## ***Exploring India's COVID-19 Journey: A Case Study Analysis***

Embark on a transformative journey with Muskan as she delves into India's COVID-19 case study in our project, "Decoding COVID-19: India's Case Study." With Python as her tool and SQL as her compass, Muskan's mission begins with cleaning and preprocessing six datasets. Four of them require meticulous cleaning, ensuring they shine brightly for analysis.

Once the data gleams, SQL becomes Muskan's diving gear. Uploading all six datasets, including the meticulously cleaned ones, she embarks on a data-driven exploration of India's COVID-19 journey.

This isn't just data analysis; it's an expedition of discovery. Aarav unravels age-wise distribution, confirmed cases, recoveries, and daily statistics, guiding decision-makers and healthcare professionals through the complexities of the pandemic.

By the end of this adventure, Muskan doesn't just crunch numbers; she tells the story of India's COVID-19 journey—a narrative of resilience, challenges, and hope, woven through data.

Join Muskan on this captivating voyage, where every line of code and every SQL query illuminates India's pandemic response. Together, we'll uncover insights that will shape the destiny of the nation's strategies. The journey through India's COVID-19 data awaits—let's embark on this adventure and discover its hidden treasures that will change the landscape of pandemic response forever.

## **Module 1**

**Task 1: Data Preparation for age distribution data**

In our project, "Exploring India's COVID-19 Journey: A Case Study Analysis," this task involves importing and cleaning age distribution data. This step is vital as it ensures our data is well-organized and interpretable. By renaming columns and saving the cleaned data, we pave the way for more insightful and effective analyses. This data preparation sets the foundation for our in-depth case study on India's COVID-19 journey, helping us draw meaningful conclusions from the age distribution information.

In [None]:
#--- Import Pandas ---
import pandas as pd
#--- Read in dataset (agedistribution_2016_estimates.csv) ----
# ---WRITE YOUR CODE FOR TASK 1 ---
age_dist = pd.read_csv('./agedistribution_2016_estimates.csv')
new_columns = {
        'Age': 'Age_group',
        'M': 'Male',
        'F': 'Female',
        'Tot': 'Total',
    }

#--- Export the age_dist as "agedistribution_2016_estimates_cleaned.csv" ---
#--- Inspect data ---
age_dist = age_dist.rename(columns=new_columns)
age_dist.to_csv('agedistribution_2016_estimates_cleaned.csv',index=False)
age_dist

**Task 2: Preparing Death and Recovery Data**

In our project, "Exploring India's COVID-19 Journey," this task focuses on the death and recovery data. We remove the 'comorbidity' and 'State_code' columns for better clarity. By doing this, we ensure that our data is streamlined and ready for analysis. This preparation is essential for our project as it enables us to draw meaningful insights from the data, contributing to a more comprehensive understanding of India's COVID-19 journey.

In [None]:
#--- Read in dataset (death_and_recovery.csv) ----
death_rec = pd.read_csv('./death_and_recovery.csv')
# ---WRITE YOUR CODE FOR TASK 2 ---
columns_to_remove = ['comorbidity', 'State_code']
death_rec.drop(columns=columns_to_remove, axis=1, inplace=True)

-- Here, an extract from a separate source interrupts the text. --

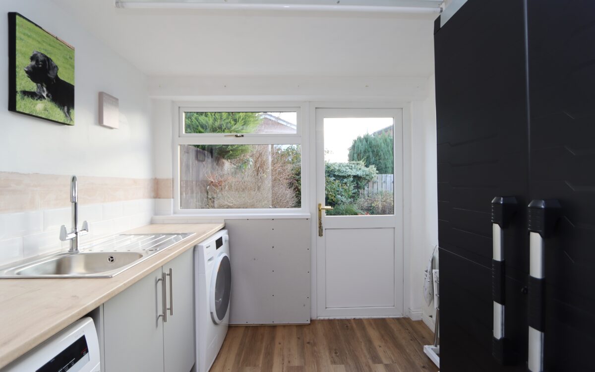 UTILITY ROOM 7′ 8″ x 7′ 1″ (2.34m x 2.16m) stainless steel sink & drainer, plumbing for washing machine, radiator & uPVC double glazed door to rear garden.

#--- Export the death_rec as "death_and_recovery_cleaned.csv" ---
#--- Inspect data ---
death_rec.to_csv('death_and_recovery_cleaned.csv',index=False)
death_rec


# **Task 3: Preparing Hospital Bed Data**

In our project, "Exploring India's COVID-19 Journey," this task focuses on the hospital bed data. We modify column names for clarity, and by doing so, we make the data more understandable and analysis-ready. This data preparation is crucial as it equips us with organized information for a more insightful analysis of India's COVID-19 journey, specifically in terms of healthcare infrastructure and bed availability.

In [None]:
#--- Read in dataset (hospitalbeds.csv) ----
# ---WRITE YOUR CODE FOR TASK 3 ---
hos_bed = pd.read_csv('./hospitalbeds.csv')
new_columns = {
        'serial': 'sno',
        'state': 'State_UT',
        'Hosp_Aval': 'Hospitals_Available',
        'Beds_Aval': 'Beds_Available',
        'Pop_beds':'Population_beds'
    }
hos_bed = hos_bed.rename(columns=new_columns)



#--- Export the death_rec as "hospitalbeds_cleaned.csv" ---
#--- Inspect data ---
hos_bed.to_csv('hospitalbeds_cleaned.csv',index=False)
hos_bed

# **Task 4: Preparing Statewise COVID-19 Data**

In our project, "Exploring India's COVID-19 Journey," this task focuses on statewise COVID-19 data. We remove columns related to daily deltas, streamlining the data for analysis. By simplifying the data structure, we ensure it's more focused and ready for our project's analysis. This data preparation is essential in helping us understand and analyze the cumulative impact of COVID-19 in different states, contributing to our case study on India's COVID-19 journey.

In [None]:
#--- Read in dataset (statewisedata.csv) ----
statewise_data = pd.read_csv('./statewisedata.csv')
columns_to_remove = ['Delta_Confirmed', 'Delta_Recovered', 'Delta_Deaths']
statewise_data.drop(columns=columns_to_remove, axis=1, inplace=True)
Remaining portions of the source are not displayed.